Suppose the batter makes an out. His on-base average on the play was 0.000 and his slugging average
is also 0.000. On the play, the batter attained a negative PME, 0.000 minus 0.750 = -0.750. Meanwhile,
the pitcher attained a positive PME of 0.750 minus 0.000 = 0.750. All plays balance in this way.

What if the batter singles? His OB% was 1.000 and his SLG% is 1.000. That's an OPS of 2.000. His PME
is 2.000 minus 0.750 = 1.250, and the pitcher's PME is 0.750 minus 2.000 = -1.250.

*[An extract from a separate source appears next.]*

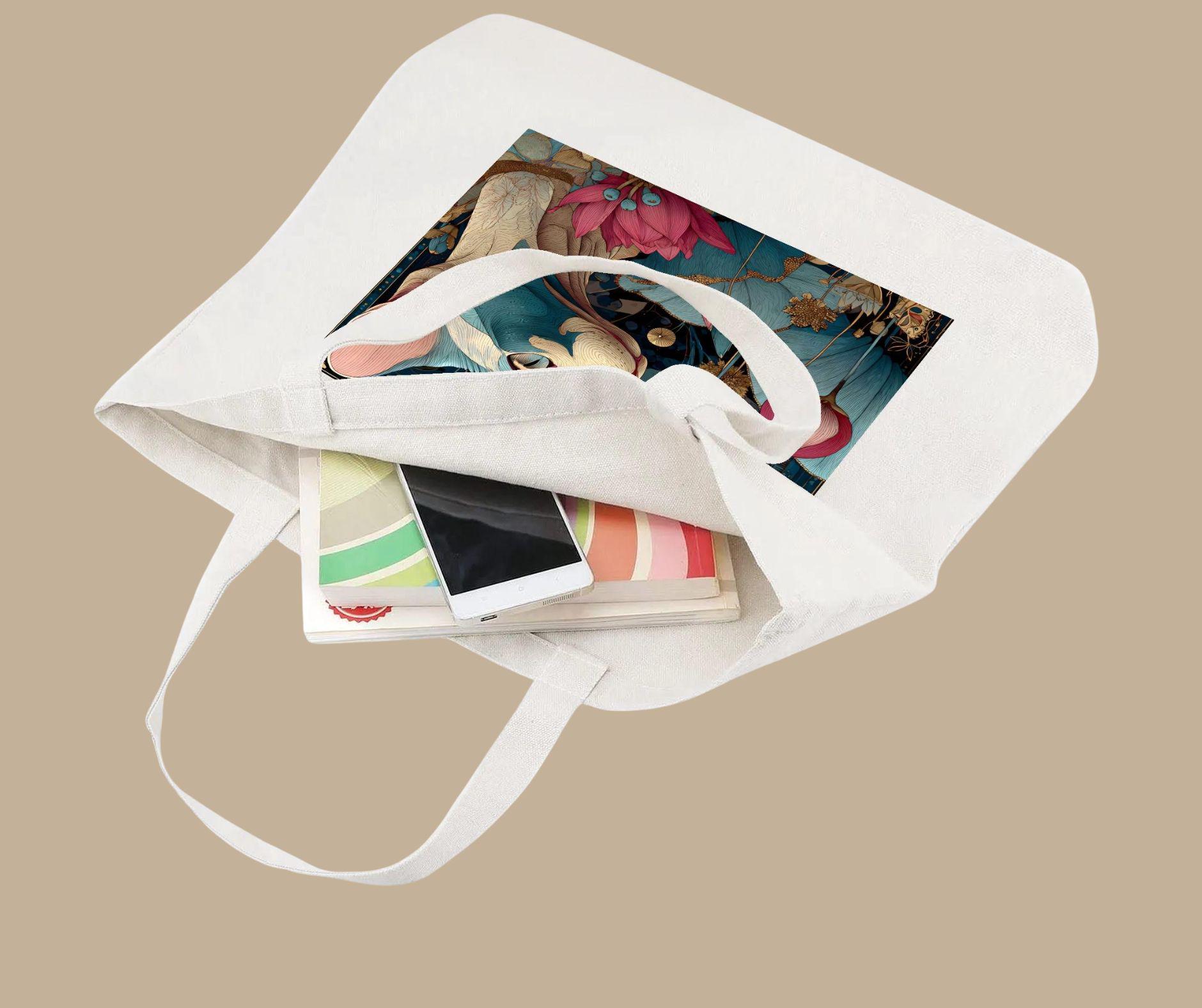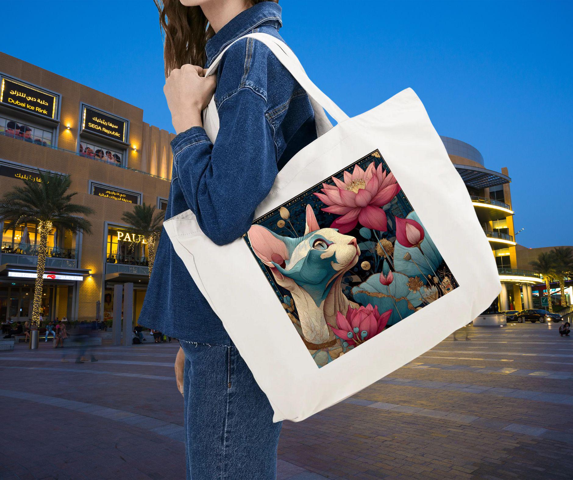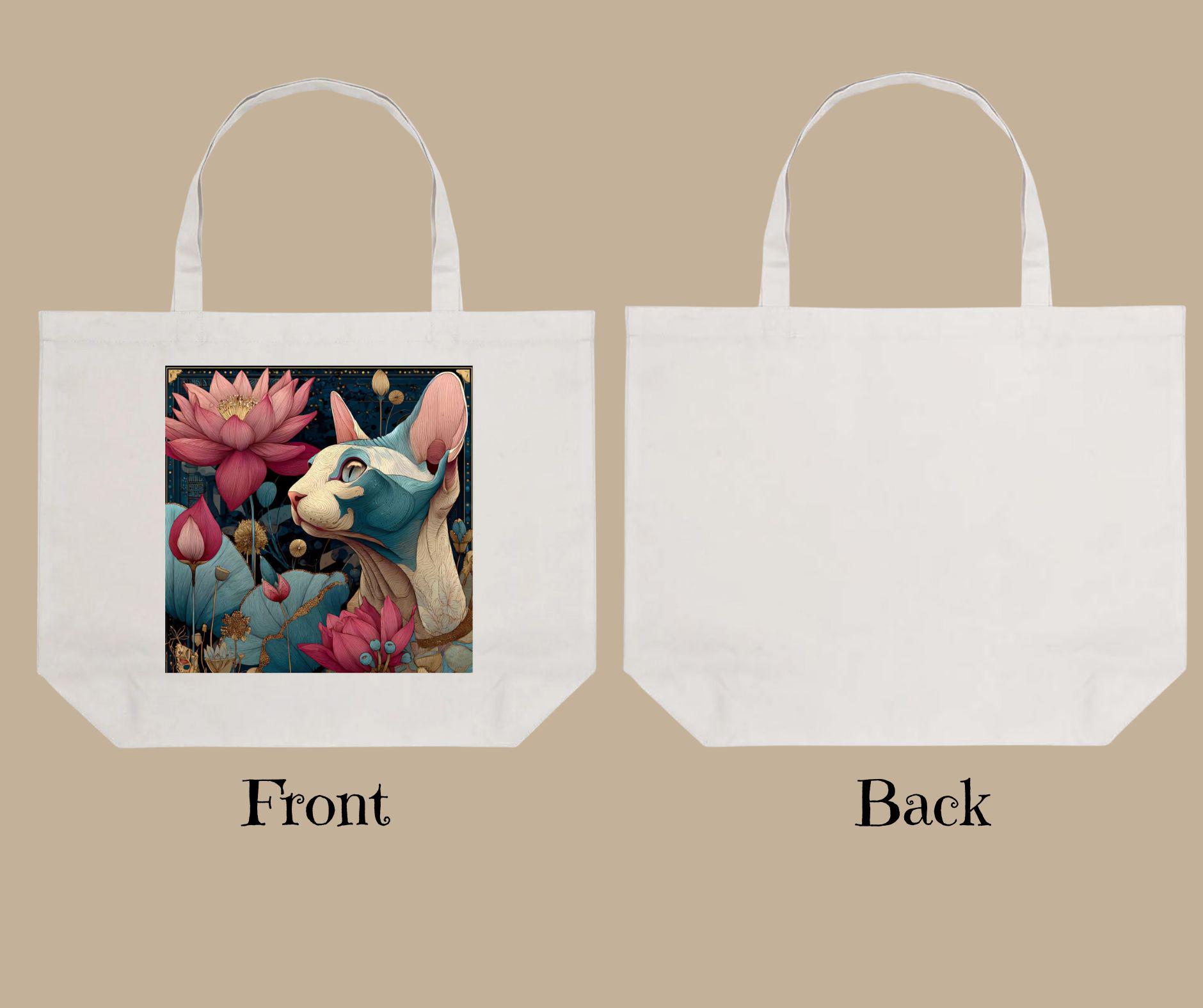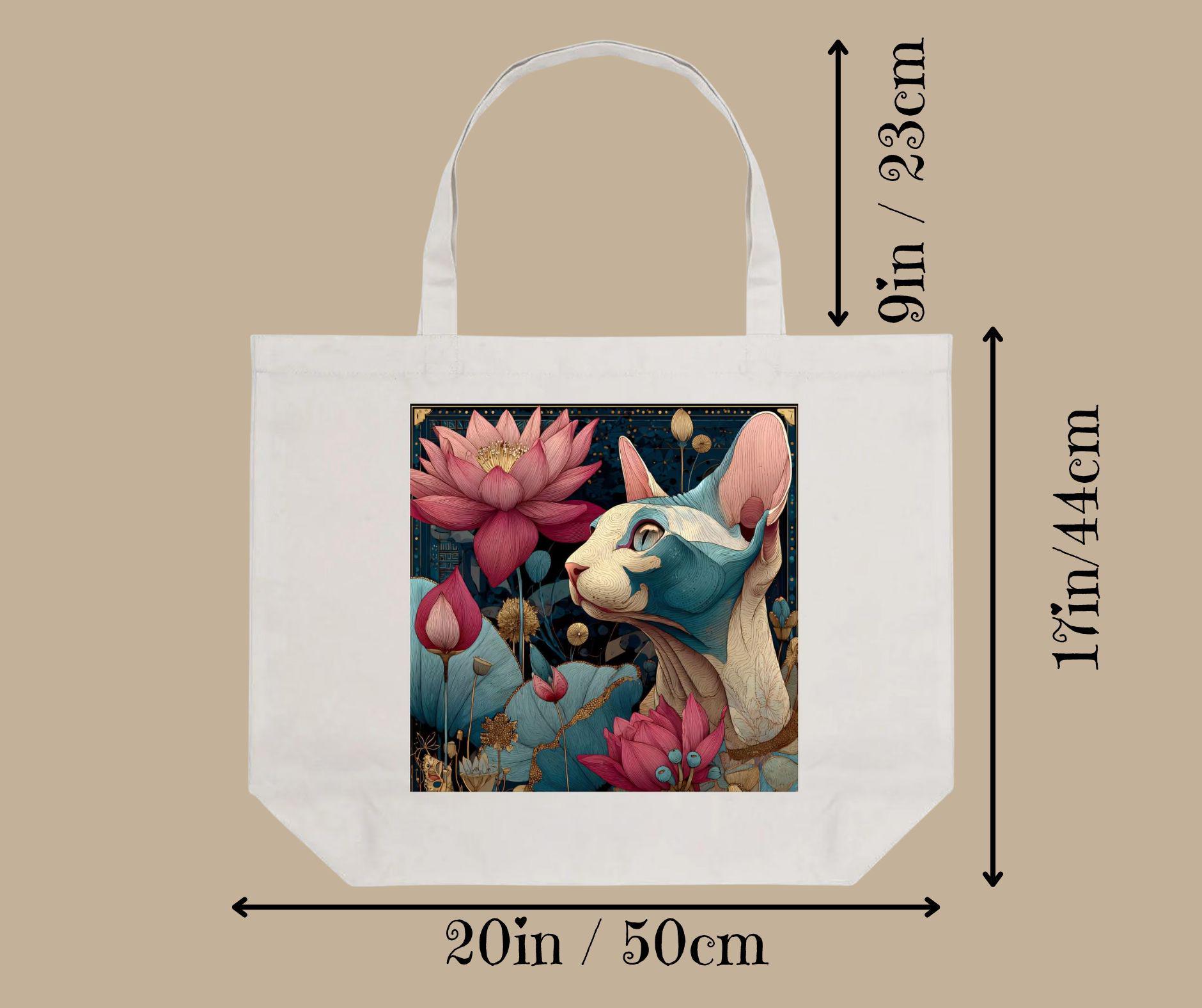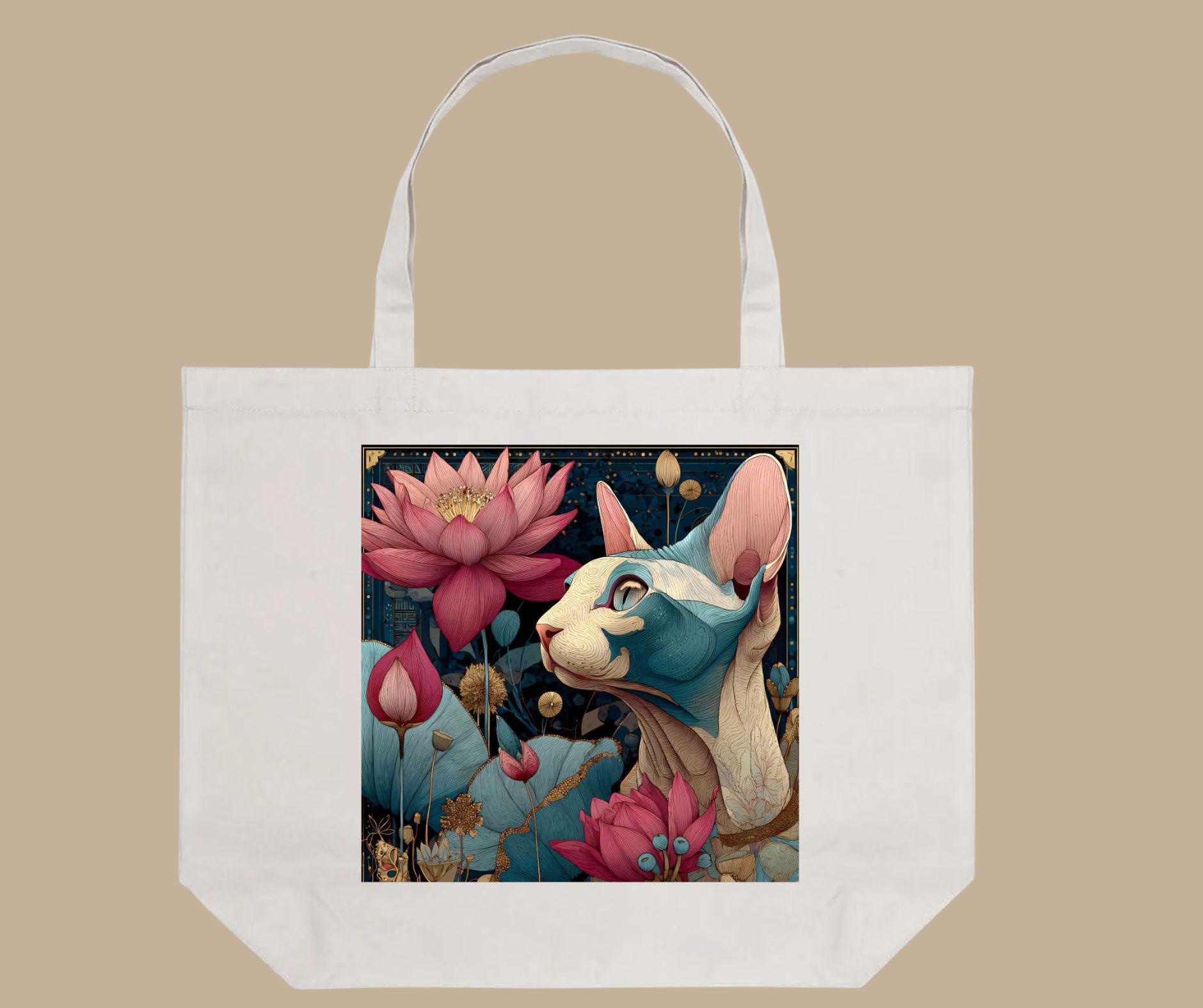 This tote bag features a beautifully illustrated sphynx cat surrounded by blooming lotus flowers, symbolizing resilience, beauty, and inner calm. The rich yet balanced color palette and painterly detail give this piece a timeless, almost spiritual feel—perfect for cat lovers who appreciate art with meaning.

All ~16 million plays in MLB from 1910-2025 were assessed in this manner.



2) Park: The parks where events occurred are important as well. Using the enhanced Park Factors at
this site -- those which break down PFs by L-L, L-R, R-L, R-R by using a base counting method -- a
composite PF is derived based on all of the PAs a batter had that season. After the seasonal PME is
compiled by adding all of the plays that year, the PME is divided by the PF* to obtain the final PME.

* The PME is compiled at the home and road level and divided by the corresponding PF. The PFs may
not seem correct but are indicative of the season. For example, the Rockies of 2001 had a composite
PF of 1.22. Todd Helton's (as a lefty) was more like 1.18. On the road, he was 0.97 -- for a
composite of 1.08 (1.18 + 0.97) / 2, the value shown. Before applying the PF, his home PME was about
96 and road was 9. Thus, most of the PME reduction was caused at home. It drops by ~16% (twice 1.08)
while his road PME stays relatively constant. His park-adjusted PME drops from ~105 to 91.


NOTE: This analysis concerns only what the batter does at the plate. Things like base running and
the quality of the opposing defense is not factored in (aside from taking extra bases on a hit).